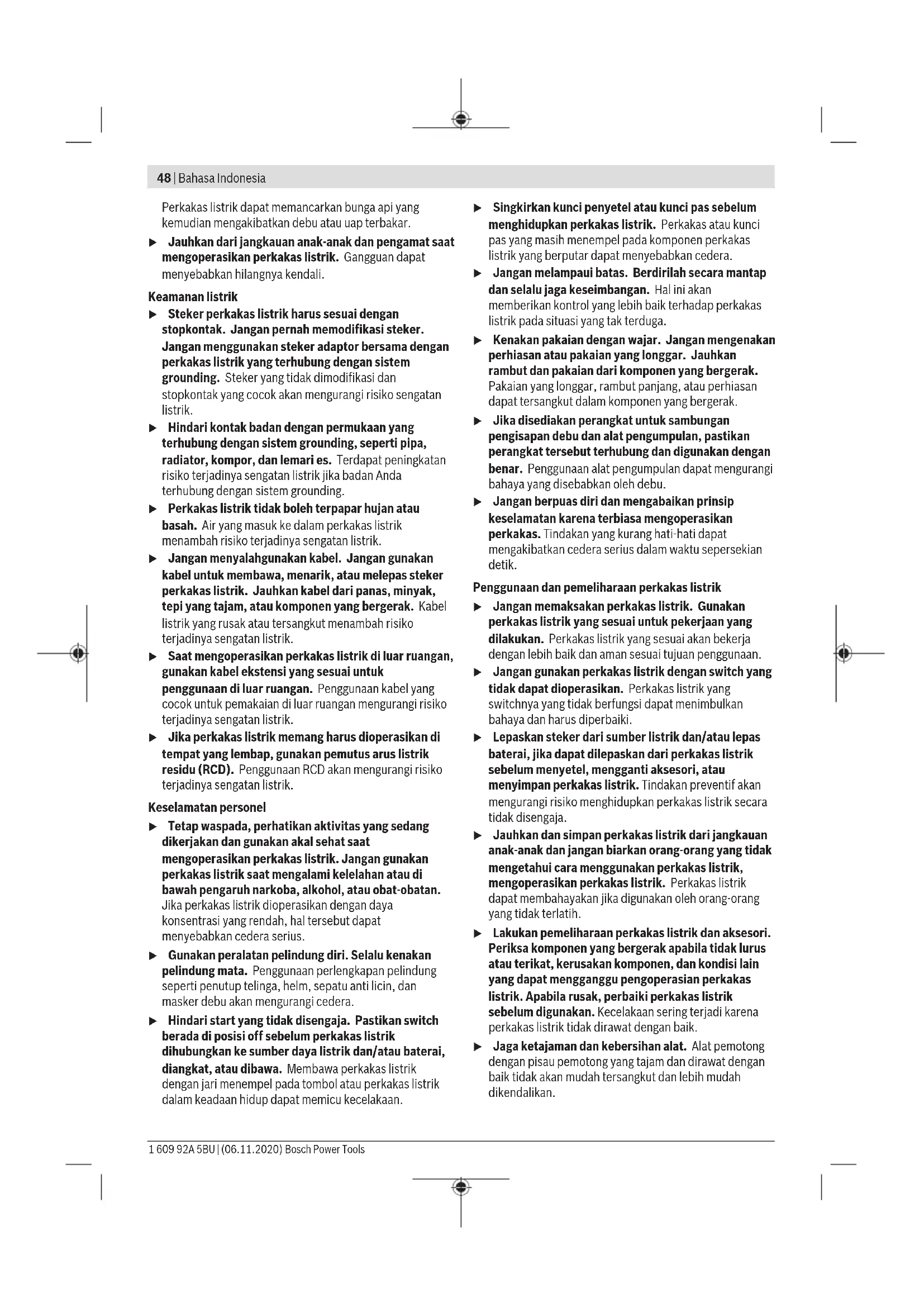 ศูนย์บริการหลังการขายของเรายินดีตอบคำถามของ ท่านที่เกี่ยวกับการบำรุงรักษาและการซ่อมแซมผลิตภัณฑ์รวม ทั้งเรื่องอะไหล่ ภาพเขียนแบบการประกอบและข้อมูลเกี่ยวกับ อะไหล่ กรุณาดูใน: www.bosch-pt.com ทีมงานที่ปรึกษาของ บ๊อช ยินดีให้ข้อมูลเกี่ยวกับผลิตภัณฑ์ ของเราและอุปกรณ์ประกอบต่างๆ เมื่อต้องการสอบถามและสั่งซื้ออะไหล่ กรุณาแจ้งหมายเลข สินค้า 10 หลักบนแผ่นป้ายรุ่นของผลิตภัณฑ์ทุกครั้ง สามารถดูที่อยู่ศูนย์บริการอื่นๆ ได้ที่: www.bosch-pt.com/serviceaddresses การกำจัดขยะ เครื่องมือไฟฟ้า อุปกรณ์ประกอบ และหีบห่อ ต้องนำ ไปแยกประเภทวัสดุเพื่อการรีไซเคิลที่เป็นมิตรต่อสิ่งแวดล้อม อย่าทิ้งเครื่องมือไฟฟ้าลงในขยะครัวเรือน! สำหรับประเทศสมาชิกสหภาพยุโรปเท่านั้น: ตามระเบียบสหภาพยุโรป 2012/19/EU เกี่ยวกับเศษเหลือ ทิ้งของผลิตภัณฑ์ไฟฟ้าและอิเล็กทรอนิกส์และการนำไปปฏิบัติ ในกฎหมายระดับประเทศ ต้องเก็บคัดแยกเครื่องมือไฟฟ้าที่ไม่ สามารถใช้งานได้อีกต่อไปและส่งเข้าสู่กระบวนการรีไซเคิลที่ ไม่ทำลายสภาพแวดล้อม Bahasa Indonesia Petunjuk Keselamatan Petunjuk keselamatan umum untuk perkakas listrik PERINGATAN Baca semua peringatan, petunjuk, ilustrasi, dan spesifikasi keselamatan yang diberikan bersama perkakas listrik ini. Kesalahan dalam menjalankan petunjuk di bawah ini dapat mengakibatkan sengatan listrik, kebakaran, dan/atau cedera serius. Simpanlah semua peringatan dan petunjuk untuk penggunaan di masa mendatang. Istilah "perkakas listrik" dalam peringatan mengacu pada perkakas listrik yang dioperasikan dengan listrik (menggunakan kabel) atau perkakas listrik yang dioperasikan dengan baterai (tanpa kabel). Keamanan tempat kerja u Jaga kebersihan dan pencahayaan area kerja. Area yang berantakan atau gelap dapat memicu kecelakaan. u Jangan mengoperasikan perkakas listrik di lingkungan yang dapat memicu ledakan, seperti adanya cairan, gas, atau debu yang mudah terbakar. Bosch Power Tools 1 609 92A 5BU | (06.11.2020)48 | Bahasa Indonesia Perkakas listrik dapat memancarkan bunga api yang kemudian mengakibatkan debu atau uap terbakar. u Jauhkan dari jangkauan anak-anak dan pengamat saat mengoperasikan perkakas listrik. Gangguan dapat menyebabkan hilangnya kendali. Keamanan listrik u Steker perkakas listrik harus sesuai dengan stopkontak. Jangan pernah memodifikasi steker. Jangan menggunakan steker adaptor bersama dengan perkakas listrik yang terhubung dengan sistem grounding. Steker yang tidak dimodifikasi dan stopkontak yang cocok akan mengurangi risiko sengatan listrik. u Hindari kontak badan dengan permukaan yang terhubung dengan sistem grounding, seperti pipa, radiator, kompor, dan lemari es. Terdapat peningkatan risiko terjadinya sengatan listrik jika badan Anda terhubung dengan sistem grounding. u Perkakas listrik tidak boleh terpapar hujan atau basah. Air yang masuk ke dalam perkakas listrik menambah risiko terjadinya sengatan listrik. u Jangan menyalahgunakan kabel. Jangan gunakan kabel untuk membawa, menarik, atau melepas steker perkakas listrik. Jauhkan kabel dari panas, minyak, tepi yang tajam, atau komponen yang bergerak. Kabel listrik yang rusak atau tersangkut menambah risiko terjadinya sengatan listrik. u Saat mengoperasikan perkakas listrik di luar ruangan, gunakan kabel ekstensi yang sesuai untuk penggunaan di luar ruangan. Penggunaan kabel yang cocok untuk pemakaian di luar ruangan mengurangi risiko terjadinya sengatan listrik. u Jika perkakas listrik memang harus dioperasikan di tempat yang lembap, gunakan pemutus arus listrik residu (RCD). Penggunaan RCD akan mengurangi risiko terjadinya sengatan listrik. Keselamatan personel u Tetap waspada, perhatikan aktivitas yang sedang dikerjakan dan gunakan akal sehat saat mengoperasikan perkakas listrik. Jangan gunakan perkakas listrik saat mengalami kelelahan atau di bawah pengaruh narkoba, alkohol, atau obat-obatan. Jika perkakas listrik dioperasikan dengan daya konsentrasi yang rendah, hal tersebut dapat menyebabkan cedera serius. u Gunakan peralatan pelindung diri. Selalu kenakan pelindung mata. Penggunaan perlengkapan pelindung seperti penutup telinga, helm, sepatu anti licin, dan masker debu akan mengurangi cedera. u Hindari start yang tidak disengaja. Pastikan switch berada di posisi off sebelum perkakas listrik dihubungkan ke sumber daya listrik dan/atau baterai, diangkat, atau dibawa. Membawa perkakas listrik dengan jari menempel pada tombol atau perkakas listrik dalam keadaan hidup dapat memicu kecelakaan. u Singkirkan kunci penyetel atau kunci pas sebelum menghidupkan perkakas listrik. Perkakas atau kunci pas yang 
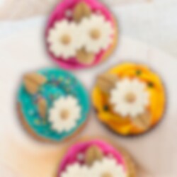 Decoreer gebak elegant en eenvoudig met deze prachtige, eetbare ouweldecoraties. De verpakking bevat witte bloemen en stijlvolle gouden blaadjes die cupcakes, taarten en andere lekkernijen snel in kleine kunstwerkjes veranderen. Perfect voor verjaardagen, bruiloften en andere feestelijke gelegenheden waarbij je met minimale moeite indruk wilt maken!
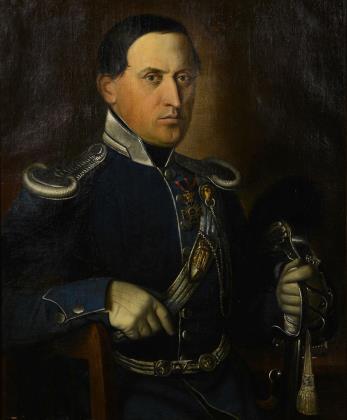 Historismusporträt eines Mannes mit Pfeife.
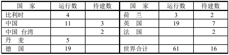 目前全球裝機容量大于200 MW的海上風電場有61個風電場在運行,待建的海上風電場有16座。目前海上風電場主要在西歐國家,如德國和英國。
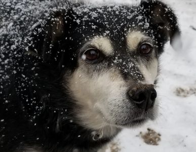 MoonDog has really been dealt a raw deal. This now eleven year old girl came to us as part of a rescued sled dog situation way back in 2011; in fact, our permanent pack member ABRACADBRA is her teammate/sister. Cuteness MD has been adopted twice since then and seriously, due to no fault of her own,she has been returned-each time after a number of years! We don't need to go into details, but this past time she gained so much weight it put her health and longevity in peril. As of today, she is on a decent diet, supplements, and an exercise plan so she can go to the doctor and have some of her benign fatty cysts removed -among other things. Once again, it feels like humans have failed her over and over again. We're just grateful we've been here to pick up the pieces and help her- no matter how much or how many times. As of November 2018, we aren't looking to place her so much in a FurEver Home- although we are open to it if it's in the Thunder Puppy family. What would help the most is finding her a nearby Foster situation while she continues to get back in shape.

•••••

### What you are asked to do
Transcribe only the lines above that start at the line containing "Decoreer gebak elegant" and end at the line containing "目前全球裝機容量大于200 MW的海上風". Omit pictures.

### Solution for this task
 Decoreer gebak elegant en eenvoudig met deze prachtige, eetbare ouweldecoraties. De verpakking bevat witte bloemen en stijlvolle gouden blaadjes die cupcakes, taarten en andere lekkernijen snel in kleine kunstwerkjes veranderen. Perfect voor verjaardagen, bruiloften en andere feestelijke gelegenheden waarbij je met minimale moeite indruk wilt maken!
 Historismusporträt eines Mannes mit Pfeife.
 目前全球裝機容量大于200 MW的海上風電場有61個風電場在運行,待建的海上風電場有16座。目前海上風電場主要在西歐國家,如德國和英國。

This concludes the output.